Archive for September, 2007

may-pictures-2007-192.jpgjuly-aug-2007-075.jpgOne of the beaches on VenThe view of the harbor of VenIn between Sweden and Denmark is a charming island that was once owned by Tycho Brahe. We took two trips there this year. Both times, we felt like the journey was worth it!

To get to Ven, one must take a 30-minute ferry ride from Landskrona. Once there, one can drive, take the bus, OR rent bicycles and cycle around the island. We rented yellow bikes with trailers for the kids. My two oldest boys had their own bicycles and we set off to explore the island. We started on the Southern part of the island, bicycled to the east and admired the scenery.  Our ride took us past old farmhouses, chickens enjoying a farmyard, horses, and beautiful scenery by the cliff.
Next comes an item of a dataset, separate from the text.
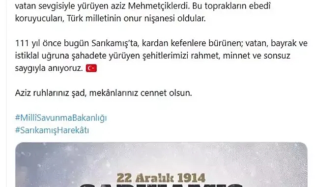 Bakanlığın sosyal medya hesabından yayımlanan anma mesajında, "Yürekleri üşüten destan: Sarıkamış. Vatan uğruna canını hiçe sayan, imkansıza karşı inancıyla yürüyen, emre itaatte ve fedakarlıkta tarihe mühür vuran Sarıkamış'ın kahraman evlatları. Onlar, silahından önce yüreğini kuşanan; soğuğa, yokluğa ve ölüme karşı vatan sevgisiyle yürüyen aziz Mehmetçiklerdi. Bu toprakların ebedi koruyucuları, Türk milletinin onur nişanesi oldular. 111 yıl önce bugün Sarıkamış'ta, kardan kefenlere bürünen; vatan, bayrak ve istiklal uğruna şahadete yürüyen şehitlerimizi rahmet, minnet ve sonsuz saygıyla anıyoruz. Aziz ruhlarınız şad, mekanlarınız cennet olsun" ifadelerine yer verildi.

We biked around to the Tycho Brahe museum which proved to be a disappointment because I didn’t come away with a very good sense of Tycho Brahe’s scientific accomplishments.

I had to look up the info on wikipedia–so if there are faults in the info–they are not mine. Tycho Brahe was a Danish astronomer in the late 1500’s who was granted the estate of Ven for his studies. He made a huge difference in the field of astronomy by introducing a more scientific method of studying the skies, movements of the planets, by developing highly accurate instruments that were used to make measurements day after day. We saw some replicas of his instruments. You can read more about Brahe here: http://en.wikipedia.org/wiki/Tycho_Brahe

A funny fact about him is that he lost part of his nose in a duel and it is speculated that he made prosthetic noses out of metal. He was related to one of the owners of Trolleholm Slott so there is a picture of him and a room dedicated to his memory in the castle.

After our stint in the museum, we biked to the north part of the island to the church up on the cliff. We had the good fortune to run into a wedding party and so the area was filled with wagons and huge horses ready to take the wedding party to the next destination.

We had to leave after this, but really enjoyed our day in Ven.

The second time we visited was in August on our baby’s first birthday. We biked around and then went to one of the many beaches and bathed. There were tons of jellyfish and the kids had a great catching them. I enjoyed the clear water and the scenery.

We biked back to the harbor on the west side of the island and enjoyed all the charming houses we saw.

Ven is truly worth a visit if you ever get a chance!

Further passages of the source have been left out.